1914 State of the Union Address
- Date: December 8, 1914
- Venue: House Chamber, United States Capitol
- Location: Washington, D.C.; 38°53′23″N 77°00′32″W﻿ / ﻿38.88972°N 77.00889°W;
- Type: State of the Union Address
- Participants: Woodrow Wilson Thomas R. Marshall Champ Clark
- Previous: 1913 State of the Union Address
- Next: 1915 State of the Union Address

= 1914 State of the Union Address =

Speech by US President Woodrow Wilson

The 1914 State of the Union Address was given by Woodrow Wilson, the 28th United States president, on Tuesday, December 8, 1914, to both houses of 63rd United States Congress. He concluded it with, "To develop our life and our resources; to supply our own people, and the people of the world as their need arises, from the abundant plenty of our fields and our marts of trade to enrich the commerce of our own States and of the world with the products of our mines, our farms, and our factories, with the creations of our thought and the fruits of our character,-this is what will hold our attention and our enthusiasm steadily, now and in the years to come, as we strive to show in our life as a nation what liberty and the inspirations of an emancipated spirit may do for men and for societies, for individuals, for states, and for mankind."
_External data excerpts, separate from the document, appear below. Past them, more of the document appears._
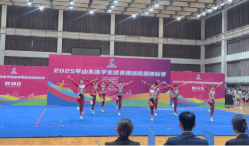 本届赛事由山东省学校体育协会主办,青岛市健美操协会承办,青岛职业技术学院、西海岸新区健美操啦啦操协会、城阳区健美操啦啦操协会及崂山区啦啦操协会联合协办,为全省学生健美操啦啦操爱好者搭建了高水平竞技交流平台。共吸引了全省各地市上千名运动员同台竞技。社会体育指导与管理教研室主任郑雁飞、教师张馨月、公共艺术教研室教师韩丹妮带领我校社会体育指导与管理两支队伍参赛,以专业素养展现了社体专业学子的过硬实力。
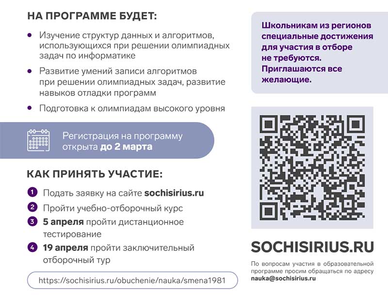 По вопросам участия в программе просим обращаться по адресу nauka@sochisirius.ru.
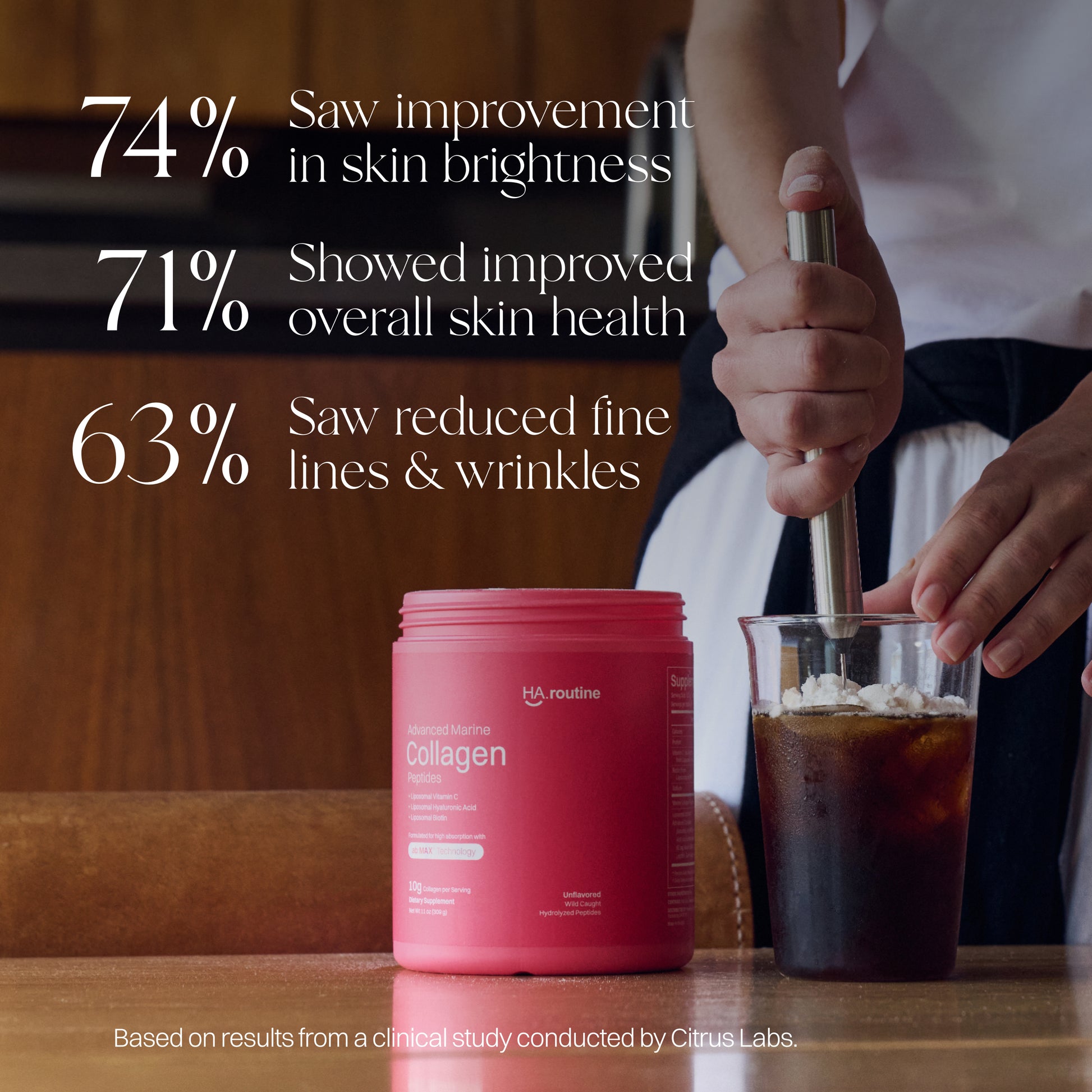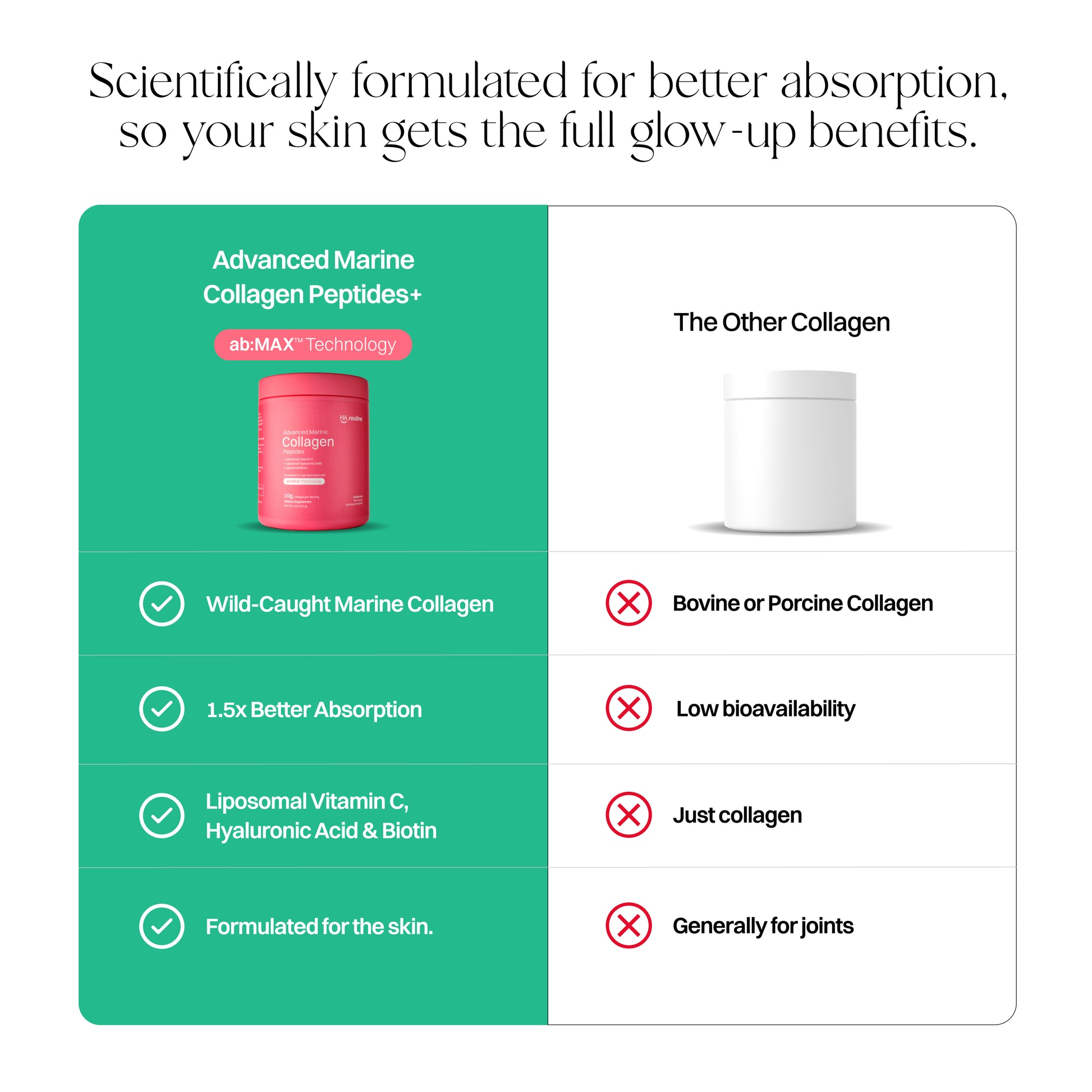 Smooth skin, less wrinkles, and hydrated skin—what’s not to love? Our Advanced Marine Collagen Peptides+ delivers 10g of high-quality wild caught marine collagen per serving, plus 90 mg of liposomal vitamin C, 60 mg of hyaluronic acid and 1000 mcg of biotin for a major skin boost. This formula is powered by ab:MAX technology for superior absorption, so it actually works. Bonus: It’s sugar-free and non-GMO!
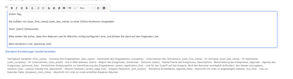 Es wird der Texteditor für Ihre E-Mail geöffnet. Hier können Sie den Text der Standard-E-Mail-Vorlage bearbeiten. Sie können verschiedene Variablen-Platzhalter nutzen. Diese Variablen werden dann für Ihre virtuelle Session mit den relevanten Daten gefüllt.

In regards to preparedness for World War I, the President said: If asked, Are you ready to defend yourselves? we reply, Most assuredly, to the utmost; and yet we shall not turn America into a military camp. We will not ask our young men to spend the best years of their lives making soldiers of themselves. There is another sort of energy in us. It will know how to declare itself and make itself effective should occasion arise. And especially when half the world is on fire we shall be careful to make our moral insurance against the spread of the conflagration very definite and certain and adequate indeed.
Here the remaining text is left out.